A DUAL-PATH MULTI-TASK FRAMEWORK FOR STRICT THREE-CURVE COBB ANGLE ESTIMATION IN IDIOPATHIC SCOLIOSIS
DOI:
https://doi.org/10.37943/25XRRS8272Keywords:
Cobb angle estimation, scoliosis, deep learning, multi-task learning, dual-path fusion, medical imaging, curriculum learning, clinical decision supportAbstract
Adolescent idiopathic scoliosis management depends on reproducible Cobb angle measurement across three clinically defined spinal regions: proximal thoracic, main thoracic, and thoracolumbar/lumbar. Although manual measurement remains the reference standard, it is observer-dependent and time-consuming, with inter-observer variability exceeding five degrees even among experienced readers. Most automated deep learning approaches target a single dominant curve or use unconstrained outputs, which limits their applicability to structured clinical workflows requiring strict regional assignment. This study presents a dual-path multi-task framework for simultaneous estimation of all three regional Cobb angles from posteroanterior spinal radiographs. The architecture integrates a ConvNeXt-Tiny encoder, vertebral localization heads, direct global angle regression via soft-argmax, and a geometric tilt-aggregation pathway. A learned per-region sigmoid gate fuses the global and geometric pathways, providing a fixed but optimized balance between statistical and anatomical estimation. The model was developed on 21,294 radiographs with leakage-controlled partitioning into training (N = 17,262), validation (N = 2,016), and test (N = 2,016) subsets.
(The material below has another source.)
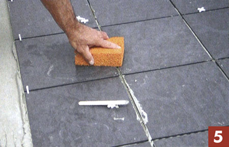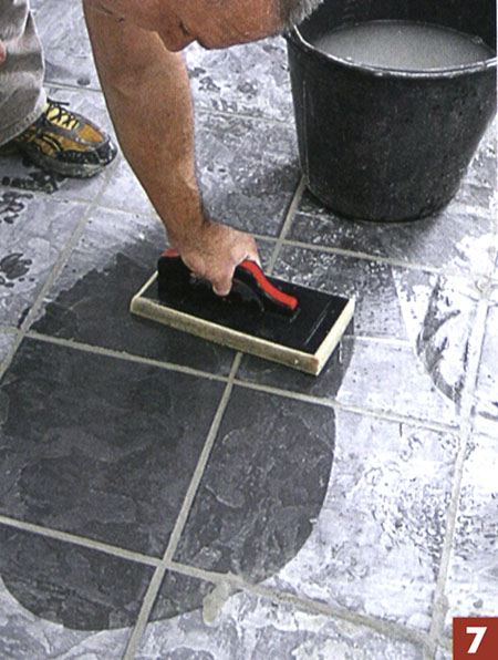 7. Когда раствор для затирки швов начнет подсыхать, начинайте удалять с поверхности плитки цементный шлам, используя для этого дощечку с губкой и большое количество воды.

Training employed a two-stage curriculum with severity-aware sampling and hard replay for difficult cases. Three independent runs (seeds 42, 52, 62) were ensembled with test-time augmentation. On the primary held-out set (N = 2,015), the ensemble achieved a mean absolute error of 2.24 degrees (proximal thoracic 2.21, main thoracic 1.97, thoracolumbar/lumbar 2.54), with near-zero Bland-Altman bias (0.03 degrees), good-to-excellent intraclass correlation coefficients (0.884–0.971), and 90.4% of predictions within 5 degrees. At the 40-degree treatment threshold, sensitivity was 0.934 and specificity was 0.994. These findings support the feasibility of strict three-curve automation for reader-in-the-loop clinical workflows.